Raw data:
----------------

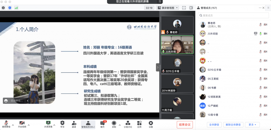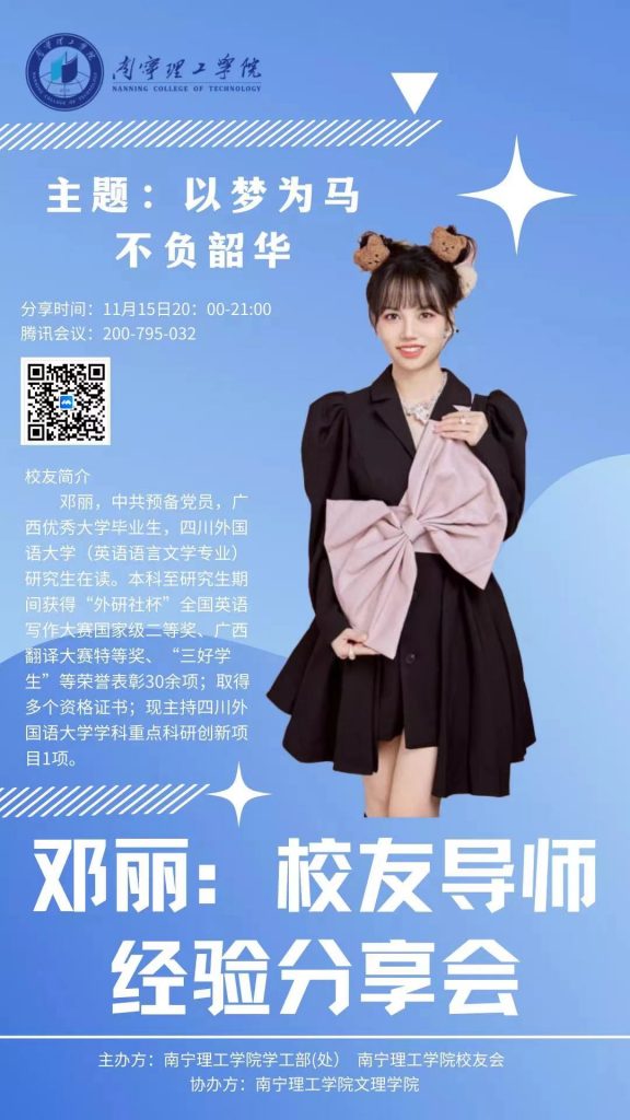 为进一步发挥各方校友力量,聘任一批在各行各业拔尖的人才作为校友导师,搭建学校优秀校友与在校学生互动交流的平台,使学生在视野开拓、职业发展、学业指导等方面受益匪浅,在提升在校生培养质量的同时,也促进了校友间的沟通联系。11月15日晚上,学工部(处)、校友会主办,文理学院承办的新生工程系列主题活动之一,牵手计划-校友导师经验分享会第一讲,邀请到邓丽学姐在腾讯会议线上为大家分享考研经验分享,助力考研圆梦。
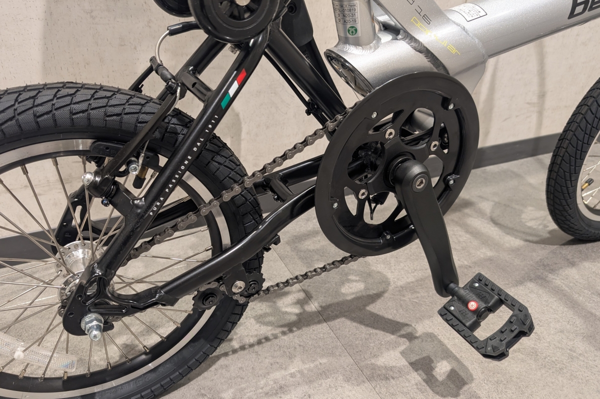 MINI FOLD 16 POPULARは52x12Tのシングル仕様になります。タイヤサイズは16インチのタイヤサイズに2.25インチ幅を採用しています。最大航続距離はLOWモード50km、HIGHモード38km(使用状況で走行距離は短くなる場合がございます)で、他のE-BIKEと比べると短めなので使用目的としては近場の移動が適しているようです。
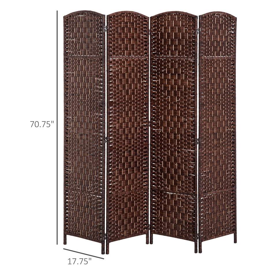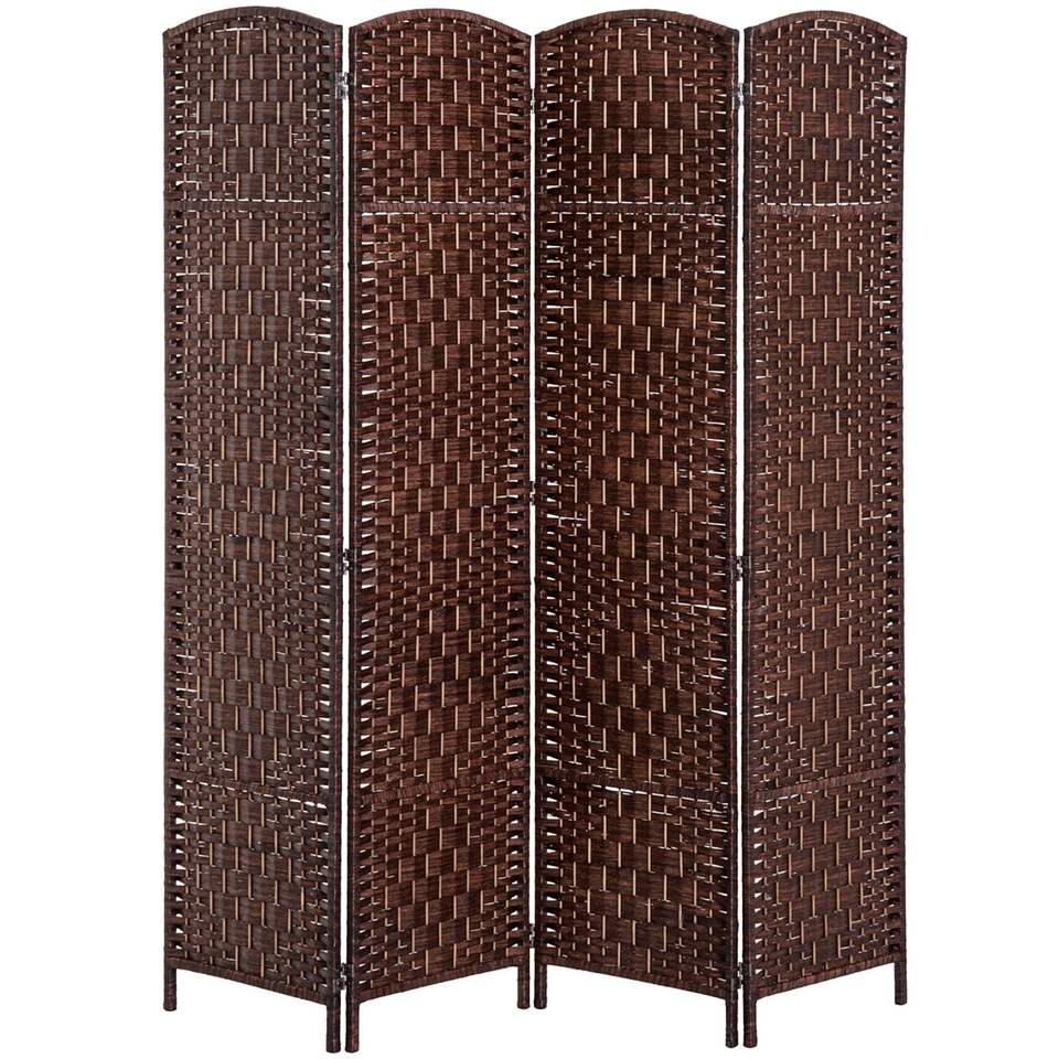 4-Panel Brown Wicker Room Divider 6' Tall Freestanding Folding Privacy Screen
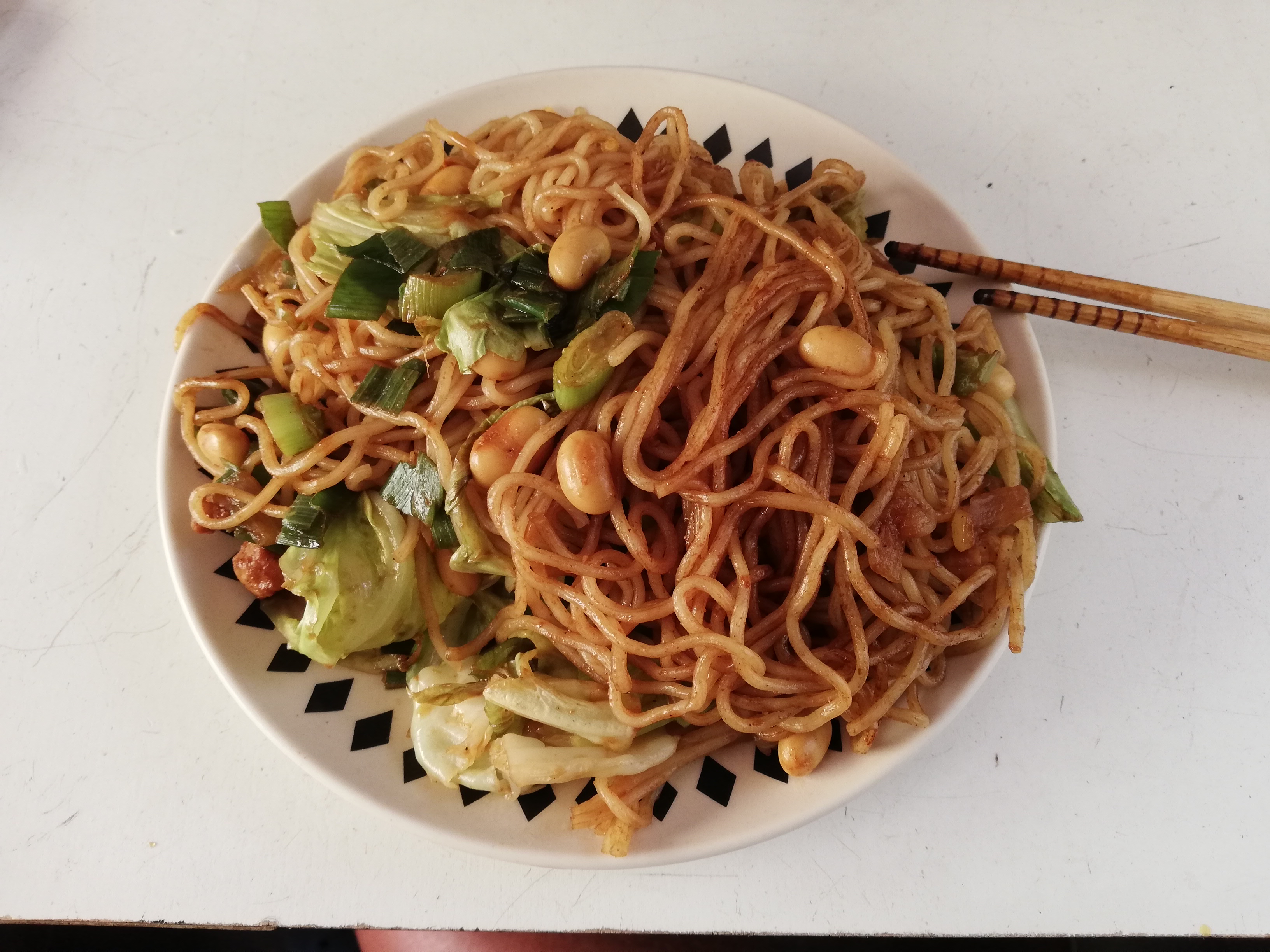 チリビーンズ入り焼きそばを食べ

----------------

Exercise details: The result should be a word-for-word restatement of all the data, without images.

Exercise output:
 为进一步发挥各方校友力量,聘任一批在各行各业拔尖的人才作为校友导师,搭建学校优秀校友与在校学生互动交流的平台,使学生在视野开拓、职业发展、学业指导等方面受益匪浅,在提升在校生培养质量的同时,也促进了校友间的沟通联系。11月15日晚上,学工部(处)、校友会主办,文理学院承办的新生工程系列主题活动之一,牵手计划-校友导师经验分享会第一讲,邀请到邓丽学姐在腾讯会议线上为大家分享考研经验分享,助力考研圆梦。
 MINI FOLD 16 POPULARは52x12Tのシングル仕様になります。タイヤサイズは16インチのタイヤサイズに2.25インチ幅を採用しています。最大航続距離はLOWモード50km、HIGHモード38km(使用状況で走行距離は短くなる場合がございます)で、他のE-BIKEと比べると短めなので使用目的としては近場の移動が適しているようです。
 4-Panel Brown Wicker Room Divider 6' Tall Freestanding Folding Privacy Screen
 チリビーンズ入り焼きそばを食べ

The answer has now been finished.